Go to the line holding "Nintendo Super Mario" in the data below and repeat it exactly, then each line after it up to and including the one holding "Di forma circolare.". Omit pictures.

[Supplied information]

-.-.-

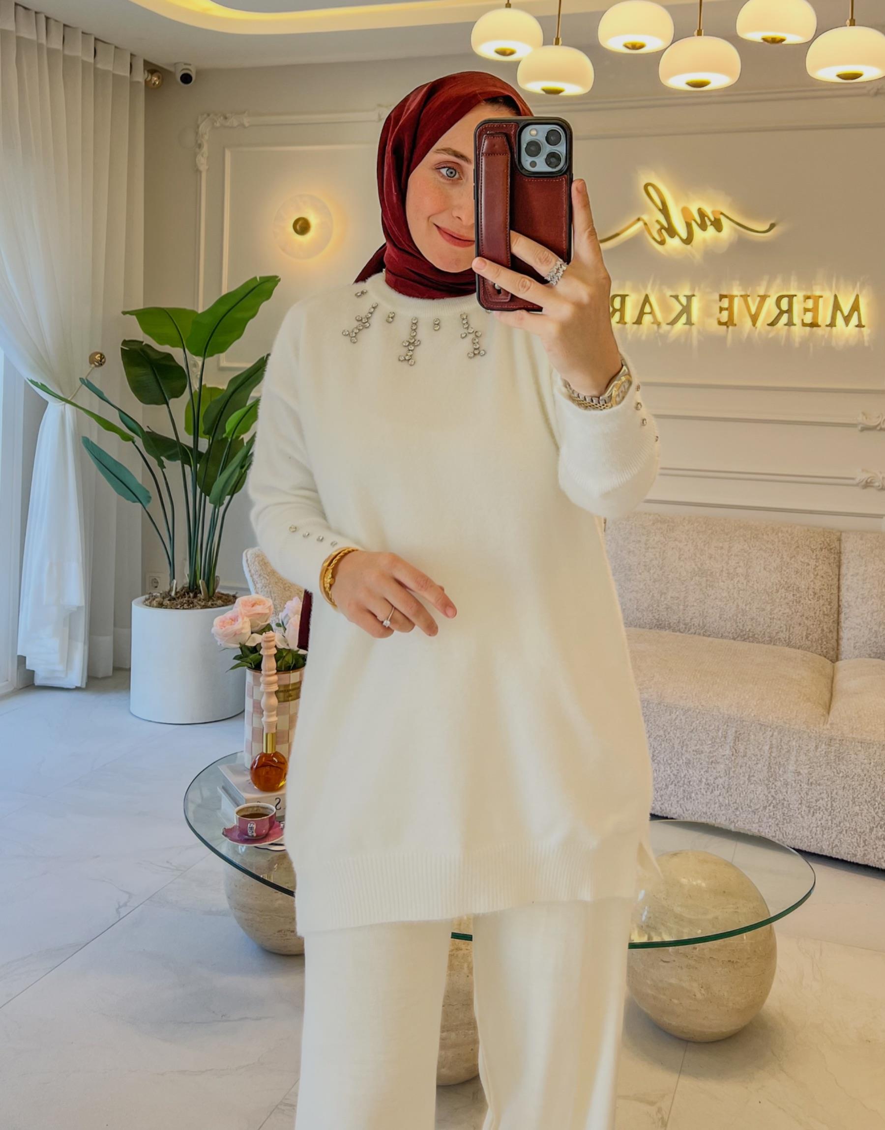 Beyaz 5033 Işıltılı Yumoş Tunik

-.-.-

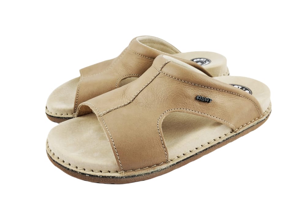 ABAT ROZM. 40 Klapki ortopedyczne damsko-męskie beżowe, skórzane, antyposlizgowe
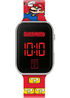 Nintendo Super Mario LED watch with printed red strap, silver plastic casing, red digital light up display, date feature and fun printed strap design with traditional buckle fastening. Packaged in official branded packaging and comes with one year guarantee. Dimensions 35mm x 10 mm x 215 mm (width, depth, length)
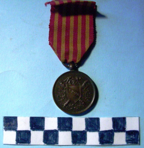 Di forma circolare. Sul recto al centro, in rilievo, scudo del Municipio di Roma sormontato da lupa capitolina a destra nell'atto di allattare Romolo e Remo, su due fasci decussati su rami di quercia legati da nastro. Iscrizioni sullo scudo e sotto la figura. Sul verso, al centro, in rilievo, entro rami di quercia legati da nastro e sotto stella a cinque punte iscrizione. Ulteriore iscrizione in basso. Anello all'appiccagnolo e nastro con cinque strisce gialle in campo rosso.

-.-.-

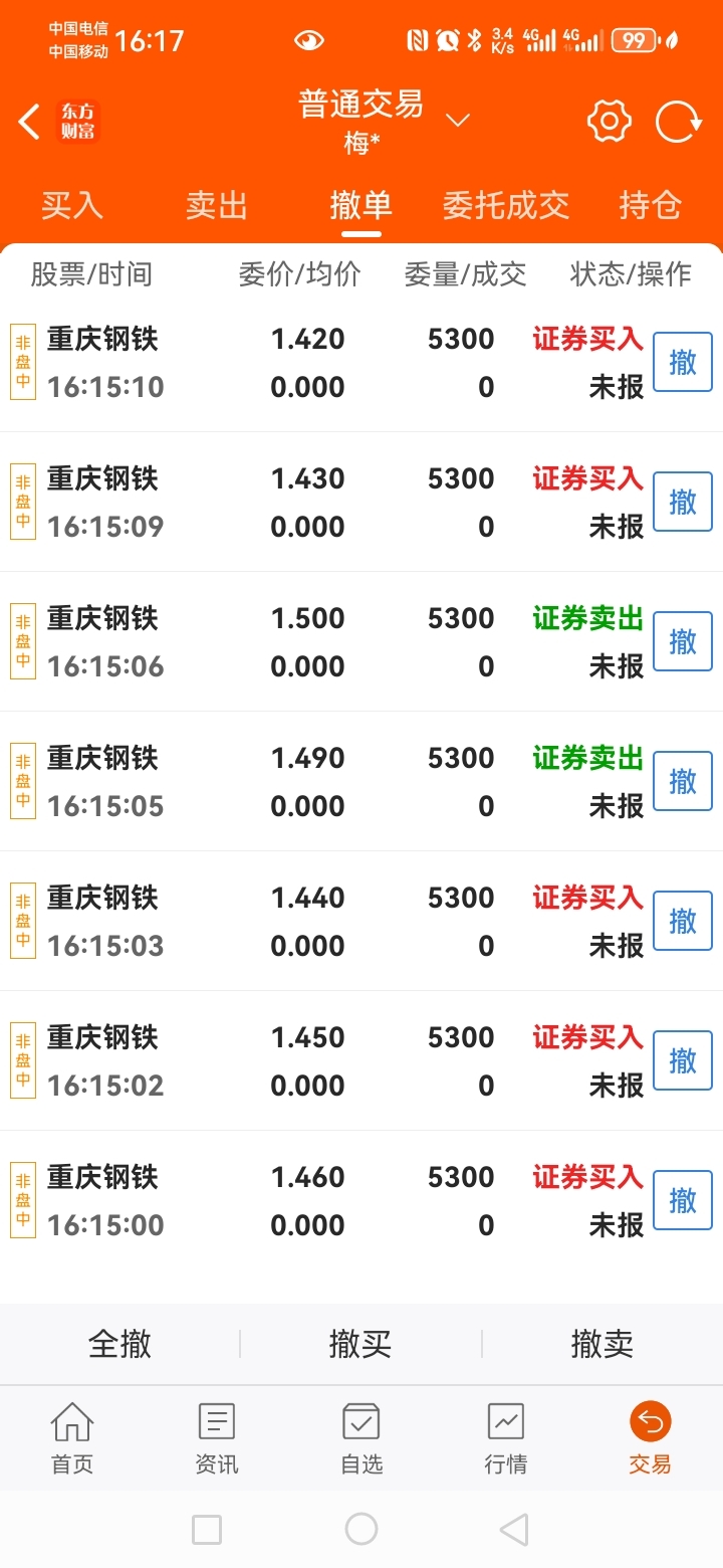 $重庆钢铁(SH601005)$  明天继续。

-.-.-

[Response area]
 Nintendo Super Mario LED watch with printed red strap, silver plastic casing, red digital light up display, date feature and fun printed strap design with traditional buckle fastening. Packaged in official branded packaging and comes with one year guarantee. Dimensions 35mm x 10 mm x 215 mm (width, depth, length)
 Di forma circolare. Sul recto al centro, in rilievo, scudo del Municipio di Roma sormontato da lupa capitolina a destra nell'atto di allattare Romolo e Remo, su due fasci decussati su rami di quercia legati da nastro. Iscrizioni sullo scudo e sotto la figura. Sul verso, al centro, in rilievo, entro rami di quercia legati da nastro e sotto stella a cinque punte iscrizione. Ulteriore iscrizione in basso. Anello all'appiccagnolo e nastro con cinque strisce gialle in campo rosso.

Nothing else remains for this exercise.